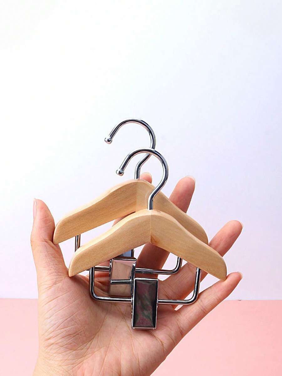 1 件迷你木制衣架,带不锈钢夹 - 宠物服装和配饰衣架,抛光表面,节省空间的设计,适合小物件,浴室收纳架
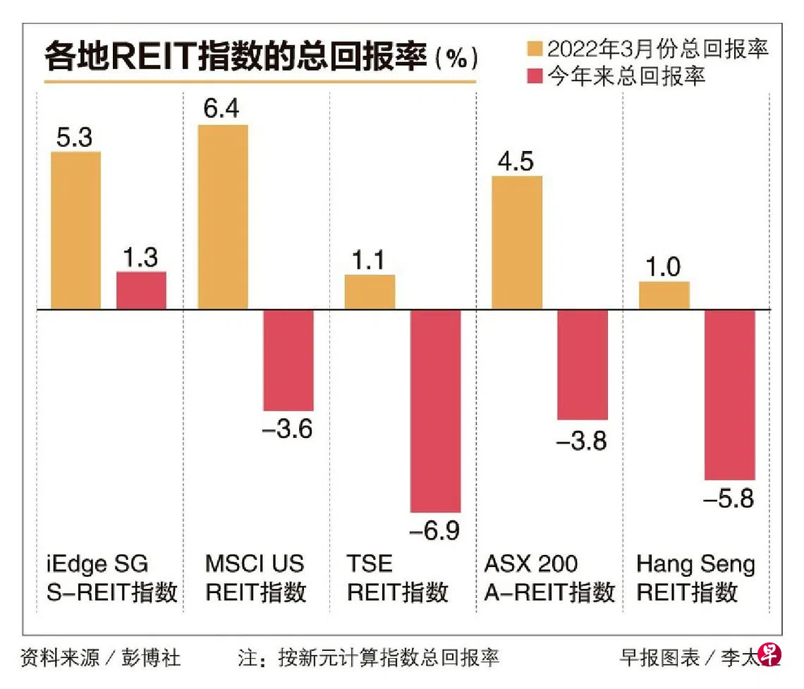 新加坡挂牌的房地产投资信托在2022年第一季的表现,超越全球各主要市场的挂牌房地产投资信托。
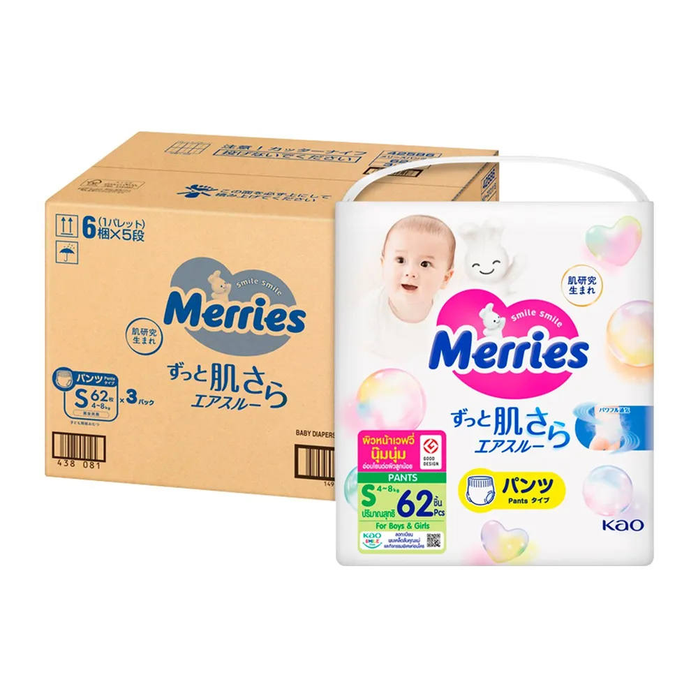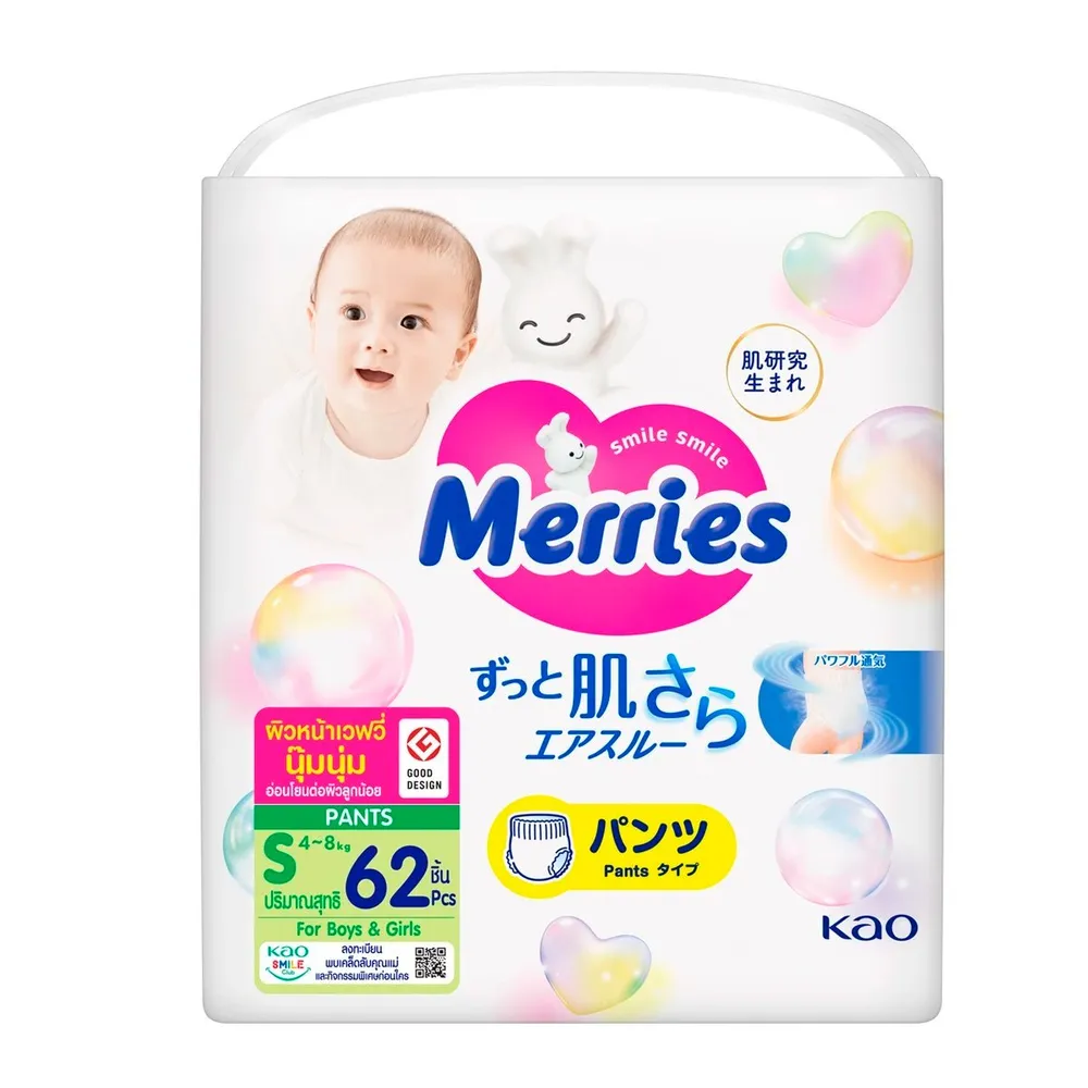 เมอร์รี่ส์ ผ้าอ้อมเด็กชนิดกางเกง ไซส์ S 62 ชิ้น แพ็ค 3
# # # #
* _WHAT IS REQUIRED_: Retype the full listing above precisely. Exclude each picture you find in it.

* _RESPONSE TO THIS EXERCISE_:
 1 件迷你木制衣架,带不锈钢夹 - 宠物服装和配饰衣架,抛光表面,节省空间的设计,适合小物件,浴室收纳架
 新加坡挂牌的房地产投资信托在2022年第一季的表现,超越全球各主要市场的挂牌房地产投资信托。
 เมอร์รี่ส์ ผ้าอ้อมเด็กชนิดกางเกง ไซส์ S 62 ชิ้น แพ็ค 3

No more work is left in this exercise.